TASK DETAILS: The answer is the line containing "Personalized To My" plus every line after it to the end of the material, retyped exactly and without the pictures.

DATA FOR PROCESSING:
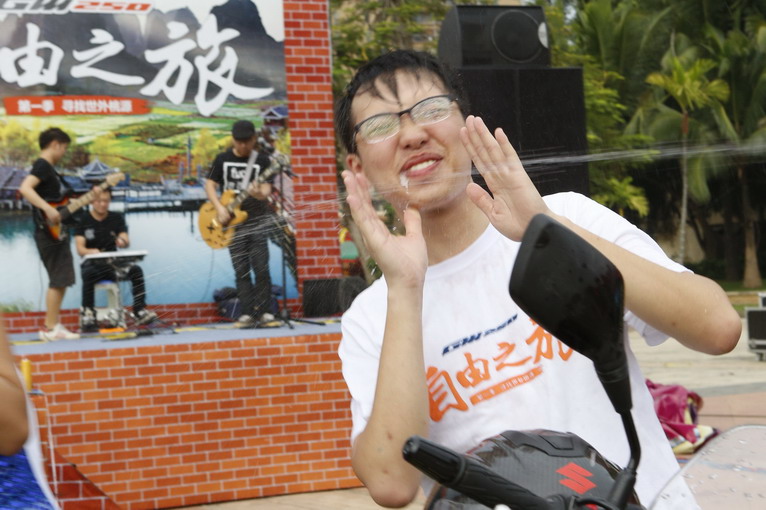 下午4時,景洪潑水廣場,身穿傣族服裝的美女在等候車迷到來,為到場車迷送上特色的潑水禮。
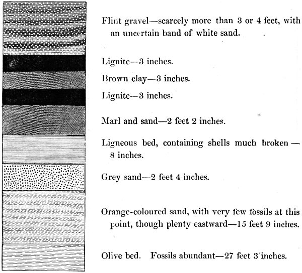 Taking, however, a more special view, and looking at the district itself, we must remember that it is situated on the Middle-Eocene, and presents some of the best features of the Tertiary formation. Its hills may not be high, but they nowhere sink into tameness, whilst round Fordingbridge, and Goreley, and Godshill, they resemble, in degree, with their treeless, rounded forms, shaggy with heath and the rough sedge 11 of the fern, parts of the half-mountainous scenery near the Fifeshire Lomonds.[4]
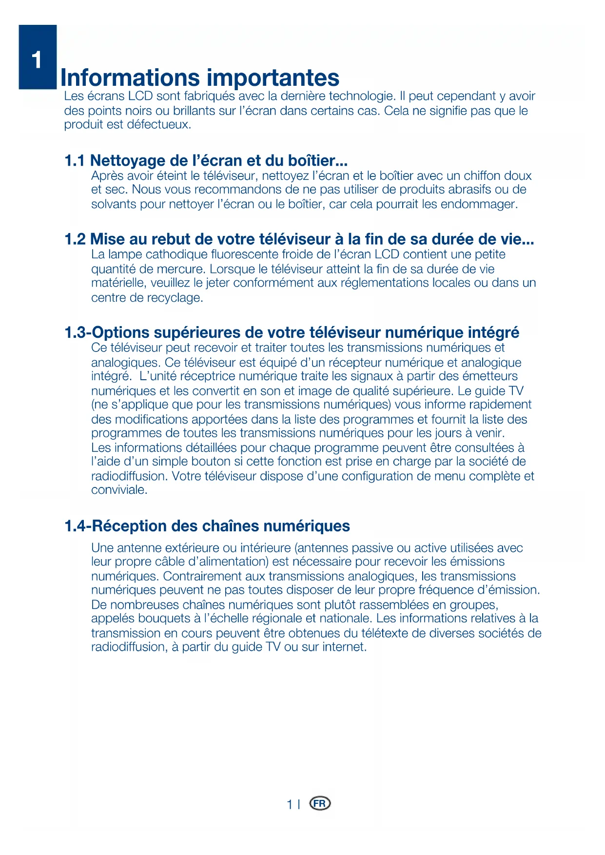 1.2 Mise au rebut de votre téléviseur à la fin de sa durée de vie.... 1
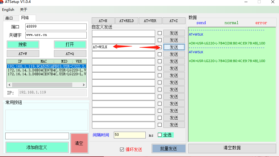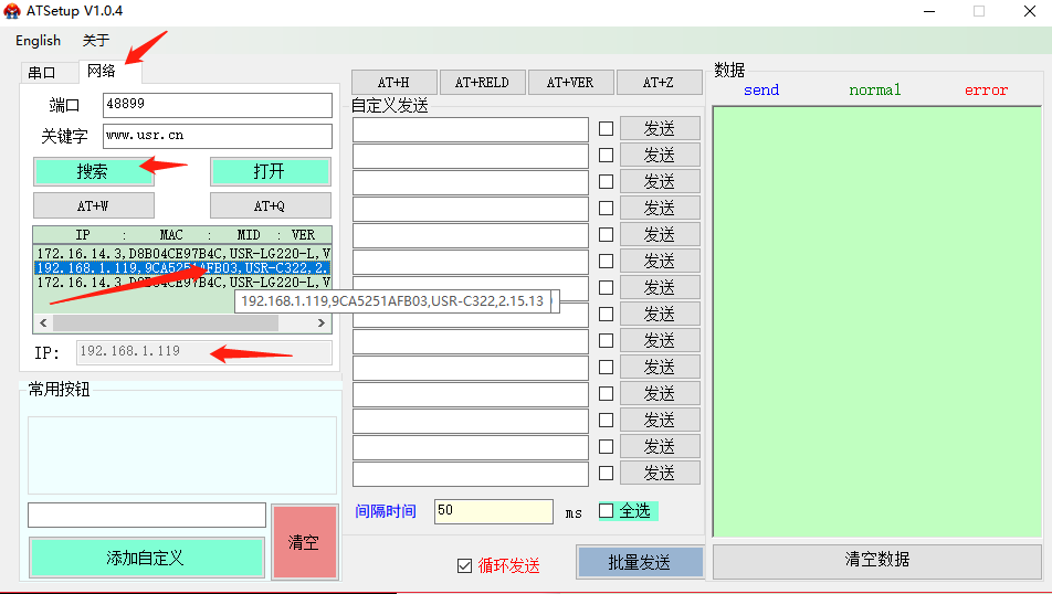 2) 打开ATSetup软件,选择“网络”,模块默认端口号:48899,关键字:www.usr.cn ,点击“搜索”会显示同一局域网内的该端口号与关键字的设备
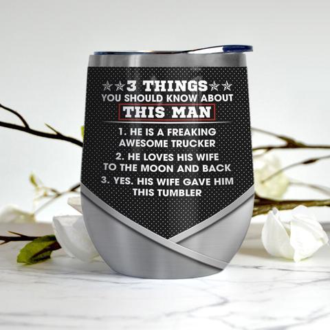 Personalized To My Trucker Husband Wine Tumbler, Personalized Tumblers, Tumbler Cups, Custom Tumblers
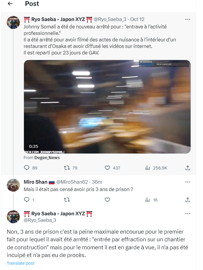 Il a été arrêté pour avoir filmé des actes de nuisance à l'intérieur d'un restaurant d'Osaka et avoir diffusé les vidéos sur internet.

EXPECTED ANSWER:
 Personalized To My Trucker Husband Wine Tumbler, Personalized Tumblers, Tumbler Cups, Custom Tumblers
 Il a été arrêté pour avoir filmé des actes de nuisance à l'intérieur d'un restaurant d'Osaka et avoir diffusé les vidéos sur internet.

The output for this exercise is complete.